Charlie Jackson

No. 22, 40
- Position: Defensive back

Personal information
- Born: March 3, 1936 Paris, Texas, U.S.
- Died: May 15, 2021 (aged 85) Paris, Texas, U.S.
- Listed height: 5 ft 11 in (1.80 m)
- Listed weight: 180 lb (82 kg)

Career information
- High school: Paris
- College: Southern Methodist (1954–1957)
- NFL draft: 1958 (13th round, 146th overall pick)

Career history
- Chicago Cardinals (1958); Dallas Texans (1960);

Career NFL/AFL statistics
- Interceptions: 1
- Return yards: 10
- Stats at Pro Football Reference

= Charlie Jackson (defensive back) =

American football player (1936–2021)

Charles Robert Jackson (March 3, 1936 – May 15, 2021) was an American professional football defensive back who played one season with the Chicago Cardinals of the National Football League (NFL). He was selected by the Cardinals in the 13th round of the 1958 NFL draft. He played college football at Southern Methodist University. Jackson was also a member of the Dallas Texans of the American Football League (AFL).

==Early life==
Charles Robert Jackson was born on March 3, 1936, in Paris, Texas. He attended Paris High School in Paris.

==College career==
Jackson was a member of the SMU Mustangs from 1954 to 1957 and a two-year letterman from 1956 to 1957. He rushed 97 times for 571 yards and four touchdowns in 1956 while also catching seven passes for 124 yards and one touchdown. In 1957, he totaled 42 carries for 234 yards and one touchdown, and 18 receptions for 257 yards. Jackson also participated in track and field for SMU.

==Professional career==
Jackson was selected by the Chicago Cardinals in the 13th round, with the 146th overall pick, of the 1958 NFL draft. He played in 11 games, starting four, for the Cardinals in 1958, recording one interception and two punt returns for 10 yards. He was released in 1959.

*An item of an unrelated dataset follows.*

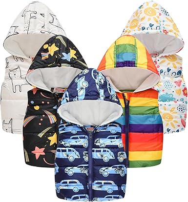 Boys Girls Puffer Down Vest Toddler Kids Hooded Zip Sleeveless Jacket Winter Coat Bear Ear Coat Baby

Jackson signed with the Dallas Texans of the American Football League (AFL) in 1960, and played three games for the team during their inaugural 1960 season. He was released by the Texans in 1960.

==Personal life==
Jackson started Jackson Concrete in the Dallas area and grew the company to seven plants. He was also a bird hunter and was inducted into the
Bird Dog Hall of Fame in 2005.

Jackson was the older brother of former Dallas Texans and Kansas City Chiefs running back/wide receiver, Frank Jackson. He died from complications of COVID-19 in Paris, Texas, on May 15, 2021, at the age of 85.